A couple of years ago, I wrote an article for ISO Review (now Verisk Review) which discussed the changing regulatory environment we need to prepare for. The key points of that article remain true. Our industry expends significant resources on the collecting, managing, and assuring the quality of data. We recognize that the cost of not doing so would be even greater. While the regulatory landscape is evolving and will continue to change, the need for strong data-management skills and high-quality data is a constant. From a regulatory standpoint, the enactment of Sarbanes-Oxley, the Gramm-Leach-Bliley Act of 1999, and privacy and security rules included in the Health Insurance Portability and Accountability Act (HIPAA) immediately put the focus on data and the ability to manage it properly. That focus remains both domestically and now increasingly globally.

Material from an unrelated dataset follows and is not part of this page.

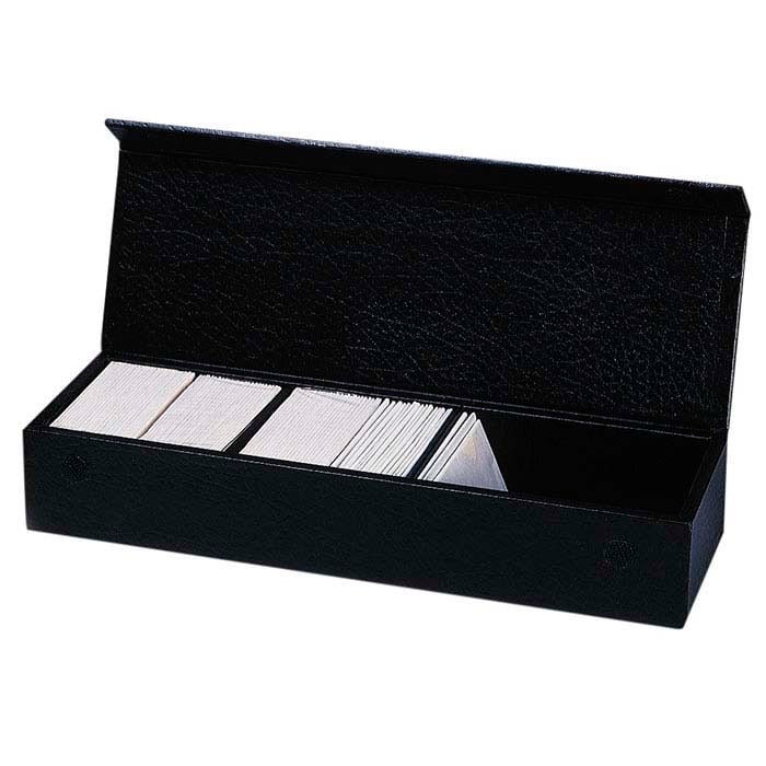 This organizer box provides an attractive and economical option for storing or transporting stone papers by keeping them secure and easily accessible. Two removable dividers and a hook & loop fabric closure keeps the papers in place. Black paper covers the cardboard box.

The property/casualty industry has more complex and detailed data requirements than most (if not all) other industries. But more data does not necessarily mean better results. Unless we understand, protect, manage, and use data with great care and appreciation of its value and meaning, it will not accomplish the intended objectives. Simply obtaining more data does not mean insurers will have the means to address the problem at hand. We must be able to do more with less. That makes analytics key.
We must aggregate data in a manner suited to the problem we’re addressing or the questions we need to answer. That’s critical not only to the success and prosperity of individual companies but to the industry as a whole.